Suppose I have a versatile function with about four boolean flags:
int do_something(int arg, bool flag1, bool flag2, bool flag3, bool flag4) {
for(int i = 0; i < 1000000; i++) {
if(flag1)
// Do something 1
if(flag2)
// Do something 2
if(flag3)
// Do something 3
if(flag4)
// Do something 4
//Do something else 5
}
}
But I don't want to incur any costs for branching on these flags in the inner loop so I change them to templates (allowing the compiler to optimize away the conditionals):
template<bool flag1, bool flag2, bool flag3, bool flag4>
int do_something_helper(int arg) {
for(int i = 0; i < 1000000; i++) {
if(flag1)
// Do something 1
if(flag2)
// Do something 2
if(flag3)
// Do something 3
if(flag4)
// Do something 4
//Do something else 5
}
}
How can I write the do_something method now? The only way I know is as follows:
int do_something(int arg, bool flag1, bool flag2, bool flag3, bool flag4) {
if(flag1) {
if(flag2) {
if(flag3) {
if(flag4) {
return do_something_helper<true,true,true,true>(arg);
}else{
return do_something_helper<true,true,true,false>(arg);
}
}else{
if(flag4) {
return do_something_helper<true,true,false,true>(arg);
}else{
return do_something_helper<true,true,false,false>(arg);
}
}
//... You get the picture
}
Is there some way to get the compiler to write the above code automatically so I don't have to include this ugly monstrosity in my beautiful code-base?
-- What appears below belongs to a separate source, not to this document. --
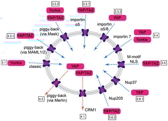 Summary of nuclear import and export pathways for Yorkie, YAP, and TAZ. Import routes are indicated by blue dotted arrows, export routes by red ones. Identified features of the transport and boxed section numbers are indicated.

What I would do is take a functor and a pack of arguments and an argument index and a range. Then I would replace the indexed argument with std::integral_constant<type, value>
and call the functor. The bool
case is easiest, as the range is obvious, so I would write that one first.
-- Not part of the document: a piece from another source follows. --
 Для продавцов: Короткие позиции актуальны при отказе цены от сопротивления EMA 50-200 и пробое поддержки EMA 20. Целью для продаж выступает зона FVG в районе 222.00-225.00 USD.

Then you can chain such replaces and functors to replace each one of the bool
s with compile time types. I would use the same functor for them all, with N overloads, esch replacing one bool
with std::integral_constant<bool, X>
where X
is a template
parameter.
The last one would then call the final method, with integral_constant
instead of bool
.
Note that this expands to an exponential amount of instantiations, so be careful.
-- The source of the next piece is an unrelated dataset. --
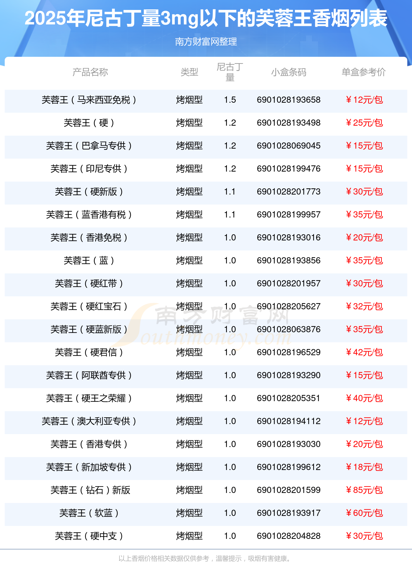 芙蓉王香煙尼古丁量3mg以下的煙有哪些?擇煙網為大家整理提供,分別有:芙蓉王(馬來西亞免稅)、芙蓉王(硬)、芙蓉王(巴拿馬專供)、芙蓉王(印尼專供)、芙蓉王(硬新版)、芙蓉王(藍香港有稅)、芙蓉王(香港免稅)、芙蓉王(藍)、芙蓉王(硬紅帶)、芙蓉王(硬紅寶石)等,具體價格如下:

The argument manipulation code would be fun to write.
Here is a live example .
Amusingly, the boilerplate to do the above is probably still bulkier, but hopefully less typo-prone and easier to test.
#include <iostream>
#include <tuple>
template<unsigned...Is> struct indexes {typedef indexes<Is...> type;};
template<unsigned min, unsigned max, unsigned...Is> struct make_indexes: make_indexes<min, max-1, max-1, Is...> {};
template<unsigned min, unsigned...Is> struct make_indexes<min, min, Is...>: indexes<Is...> {};
template<unsigned max, unsigned min=0>
using Indexes = typename make_indexes<min, max>::type;
template<unsigned index, typename Functor, typename... Args, unsigned... Before, unsigned... After>
void map_bool_to_compile_time_helper( indexes<Before...>, indexes<After...>, Functor&& f, std::tuple<Args...> args )
{
if (std::get<index>( args )) {
std::forward<Functor>(f)( std::get<Before>(args)..., std::true_type(), std::get<After>(args)... );
} else {
std::forward<Functor>(f)( std::get<Before>(args)..., std::false_type(), std::get<After>(args)... );
}
}
template<unsigned index, typename Functor, typename... Args>
void map_bool_to_compile_time( Functor&& f, Args&&... args )
{
map_bool_to_compile_time_helper<index>( Indexes<index>(), Indexes<sizeof...(Args), index+1>(), std::forward<Functor>(f), std::make_tuple<Args&&...>(std::forward<Args>(args)...) );
}
template<typename Functor, unsigned... indexes>
struct map_bools_to_compile_time_helper;
template<typename Functor, unsigned index, unsigned... indexes>
struct map_bools_to_compile_time_helper<Functor, index, indexes...> {
Functor&& f;
map_bools_to_compile_time_helper(Functor&& in):f(std::forward<Functor>(in)) {}
template< typename... Args>
void operator()( Args&&... args) const {
map_bool_to_compile_time<index>( map_bools_to_compile_time_helper<Functor, indexes...>{std::forward<Functor>(f)}, std::forward<Args>(args)... );
}
};
template<typename Functor>
struct map_bools_to_compile_time_helper<Functor> {
Functor&& f;
map_bools_to_compile_time_helper(Functor&& in):f(std::forward<Functor>(in)) {}
template<typename... Args>
void operator()( Args&&... args) const {
std::forward<Functor>(f)(std::forward<Args>(args)...);
}
};
template<unsigned... Is, typename Functor, typename... Args>
void map_bools_to_compile_time( indexes<Is...>, Functor&& f, Args&&... args ) {
map_bools_to_compile_time_helper<Functor, Is...>{ std::forward<Functor>(f) }( std::forward<Args>(args)... );
}
struct test {
template<bool b>
void operator()( int x, std::integral_constant< bool, b > ) { std::cout << x << ": " << b <<"!\n"; }
};
struct test2 {
template<bool b0, bool b1, bool b2>
void operator()( int x, std::integral_constant< bool, b0 >, std::integral_constant< bool, b1 >, std::integral_constant< bool, b2 > )
{
std::cout << x << ": " << b0 << b1 << b2 << "\n";
}
};
int main() {
map_bools_to_compile_time( indexes<1>(), test(), 1, true );
map_bool_to_compile_time<1>( test(), 2, false );
map_bools_to_compile_time( indexes<1,2,3>(), test2(), 3, true, false, true );
}
Updated with support for any number of arguments at any number of indexes.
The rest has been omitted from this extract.